• WHAT YOU ARE ASKED TO DO
Copy word for word the lines in the records below, starting at the line with "مثلًا افرض أنك" and ending at the line with "This tattoo shows". Skip the pictures.

• Items from a dataset

_ _ _ _ _ _ _

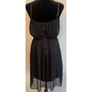 This elegant black mini cocktail dress by Alice+Olivia is a perfect addition to your wardrobe. The dress features a solid pattern, round neckline, and spaghetti straps that can be adjusted to your liking. It is made of lightweight chiffon material that makes it perfect for any season, whether it's summer, fall, winter, or spring.
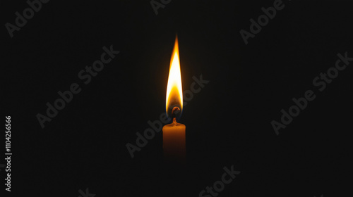 A single candle burns brightly in vibrant orange and yellow tones, isolated against a clean black background, creating a clean and dramatic visual effect.
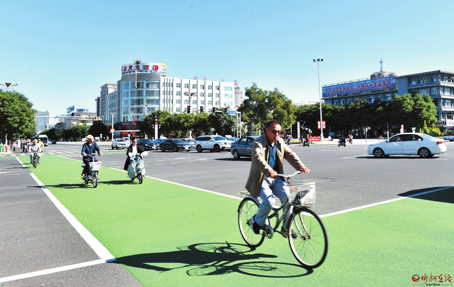 9月3日,市民在忻州城區(qū)七一路與長(zhǎng)征街交叉路口的自行車專用道上騎行。日前,忻州路面上出現(xiàn)人車分離“斑馬線”,行人走斑馬線、騎行則走專用自行車道,很好地實(shí)現(xiàn)了人和非機(jī)動(dòng)車分流通過,為創(chuàng)建文明城市增色。 宮清華 攝
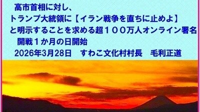 なお、私たち「すわこ文化村」は、「高市首相は【ホルムズ海峡への自衛隊派遣NO‼】を明言せよ」とのオンライン署名を開始したところ、48時間で5万筆超の署名が寄せられた(これは現在も継続中である)。AIによると、これまでの国内署名総数ランキングでは、❶「STOP!インボイス」52万、❷「東京5輪中止」47万、❸「児童福祉法改正」45万とのことである(因みに短期間での署名数としては、48時間5万筆という私たちの上記署名がTOPであった)。
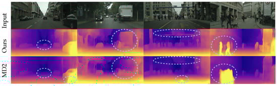 Visual results evaluated on the Cityscapes dataset. The evaluation uses models trained on KITTI without any refinement. Compared with the methods in [], our method generates higher-quality depth maps and captures moving and slim objects better. The difference is highlighted with the dashed circles.
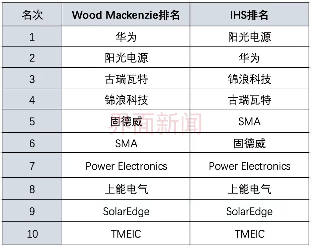 两份榜单最大的差异点在于第一名的归属。在IHS Markit的排名中,阳光电源(300274.SZ)超越华为升至榜首;在Wood Mackenzie排名中,华为则继续守住第一的位置。
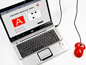 «Mouskie» richtet sich sowohl an Sehbehinderte wie auch an erblindende und vollständig blinde Menschen. Man tippt ein «f» auf der Computer-Tastatur, der Buchstabe erscheint gross auf dem Bildschirm, neben seiner Transkription in Blindenschrift, die Audio-Fassung sagt «f», und der Benutzer fühlt unter seinem Finger die Punkte, die den Buchstaben bilden.
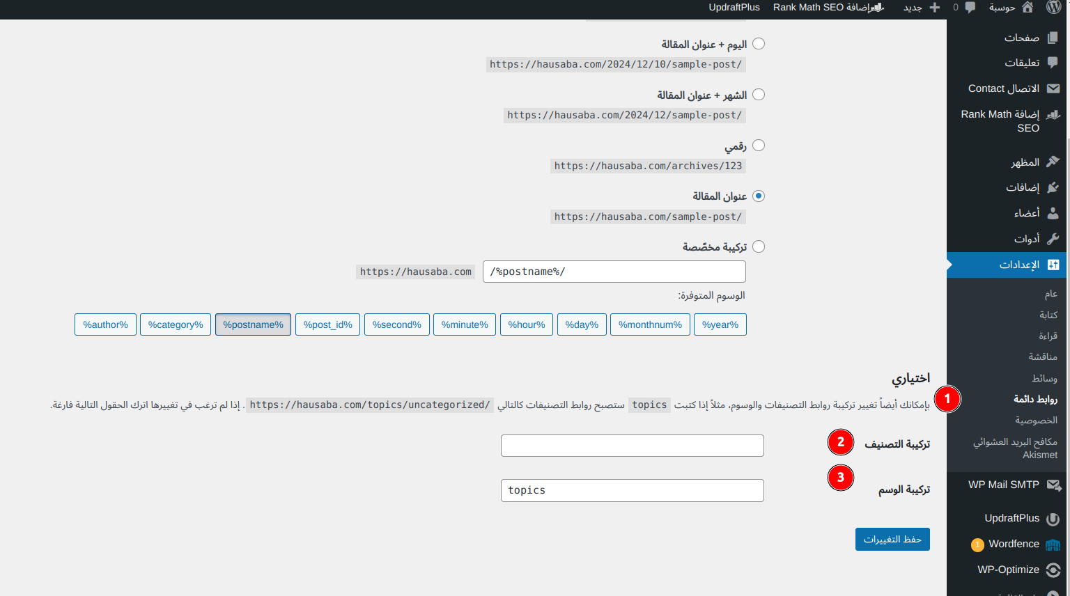 مثلًا افرض أنك تعمل على موقع محتوى احترافي وتريد تغيير كلمة "tags" إلى "topics"، فيمكنك بسهولة فعل ذلك من الإعدادات --> الروابط الدائمة، ثم كتابة الكلمة التي تريدها كما في الصورة:
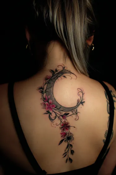 This tattoo shows a crescent moon resting at the top of the spine, beautifully wrapped in delicate pink flowers and leafy vines. The moon itself is shaded in soft grey tones with intricate detailing, while the blossoms add pops of color that make the whole design feel alive. The placement curves gently down the spine, giving the tattoo both balance and flow.
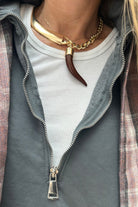 צ׳וקר ציפוי זהב נועז עם תליון קרן בצבע חום עמוק, משולב בשרשרת עבה ובחצי קולר מתכתי ליצירת מראה חזק ובולט.
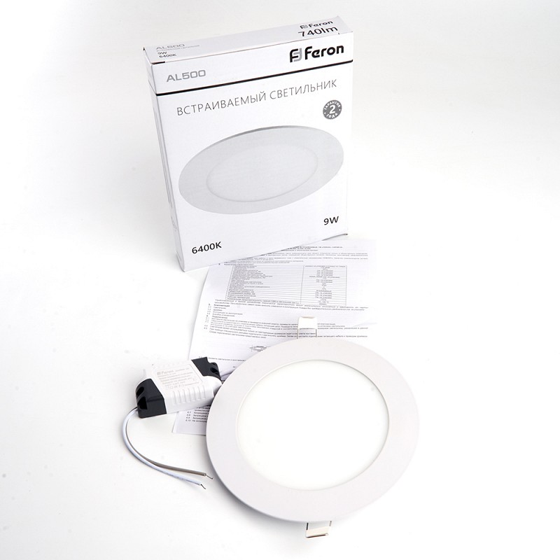 Светильник встраиваемый светодиодный AL500 9W,6400K, 740Lm, белый с драйвером в комплекте
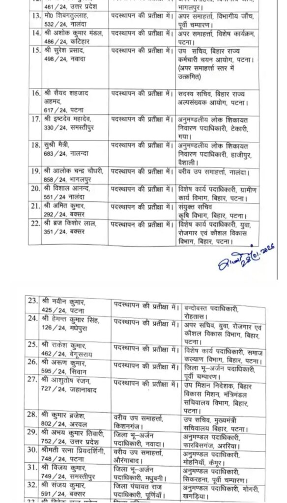 इस तबादला सूची में अपर सचिव, संयुक्त सचिव, उप सचिव और विभिन्न जिलों के अनुमंडल पदाधिकारी स्तर के अधिकारी शामिल हैं। सरकार का मानना है कि इस बदलाव से सचिवालय से लेकर जमीनी स्तर तक कामकाज में तेजी आएगी।

_ _ _ _ _ _ _

• EXERCISE RESULT
 مثلًا افرض أنك تعمل على موقع محتوى احترافي وتريد تغيير كلمة "tags" إلى "topics"، فيمكنك بسهولة فعل ذلك من الإعدادات --> الروابط الدائمة، ثم كتابة الكلمة التي تريدها كما في الصورة:
 This tattoo shows a crescent moon resting at the top of the spine, beautifully wrapped in delicate pink flowers and leafy vines. The moon itself is shaded in soft grey tones with intricate detailing, while the blossoms add pops of color that make the whole design feel alive. The placement curves gently down the spine, giving the tattoo both balance and flow.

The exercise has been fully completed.